]
Tristan Tarrant updated ISPN-6341:
----------------------------------
Fix Version/s: 8.1.4.Final
StateTransferManager should be the first component to stop
----------------------------------------------------------
Key: ISPN-6341
URL:
https://issues.jboss.org/browse/ISPN-6341
Project: Infinispan
Issue Type: Bug
Components: Core
Affects Versions: 8.2.0.CR1
Reporter: Dan Berindei
Assignee: Dan Berindei
Fix For: 8.2.1.Final, 9.0.0.Alpha1, 8.1.4.Final
When a cache stops, it first removes the component registry from the
{{GlobalComponentsRegistry}}'s {{namedComponents}} map, which means the node
(let's call it {{A}}) will reply with a {{CacheNotFoundResponse}} to any remote
command.
Another node {{B}} trying to execute a write/transactional command will receive the
{{CacheNotFoundResponse}}, assume that a new cache topology with id {{current topology id
+ 1}} is coming soon, and wait for that new topology before retrying.

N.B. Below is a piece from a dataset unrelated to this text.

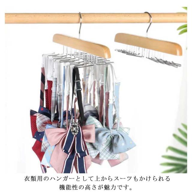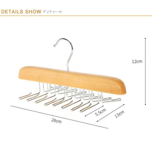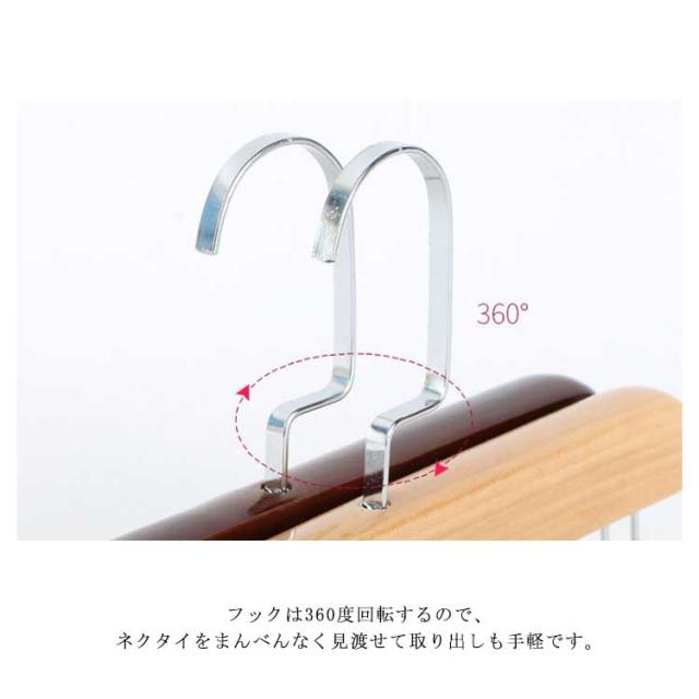 | 何本ものネクタイを、見やすくきれいに収納できるネクタイハンガー。 素材に高品質な木を使用した、高級感のある落ち着いた見た目が特徴的。 ネクタイ掛けの部分には折り返しがついており、しっかり挟み込みます。 衣類用のハンガーとして上からスーツもかけられる機能性の高さが魅力です。 キャミソール、帽子、バッグ、マフラーなど、ネクタイ以外の小物用ハンガーとしても重宝します。 フックは360度回転するので、ネクタイをまんべんなく見渡せて取り出しも手軽です。 お出かけ前にあわてない!玄関に置いて、マスク、財布などお出かけに必要なものはまとめて収納可能! | |

Normally this is not a problem, because {{StateTransferManagerImpl.stop()}} sends a
{{CacheTopologyControlCommand(LEAVE)}} to the coordinator quickly enough, then {{B}}
receives the {{current topology id + 1}} topology and retries the command.
But in some cases, the cache components that stop before {{StateTransferManagerImpl}} can
take a long time to do so. In particular, because of {{ISPN-5507}}, {{TransactionTable}}
can block for {{cacheStopTimeout}} if there are remote transactions in progress, even
though the cache can no longer process remote commands.
We should give {{StateTransferManagerImpl.stop()}} a priority of {{0}}, so that the
{{CacheTopologyControlCommand(LEAVE)}} comand is sent as soon as possible.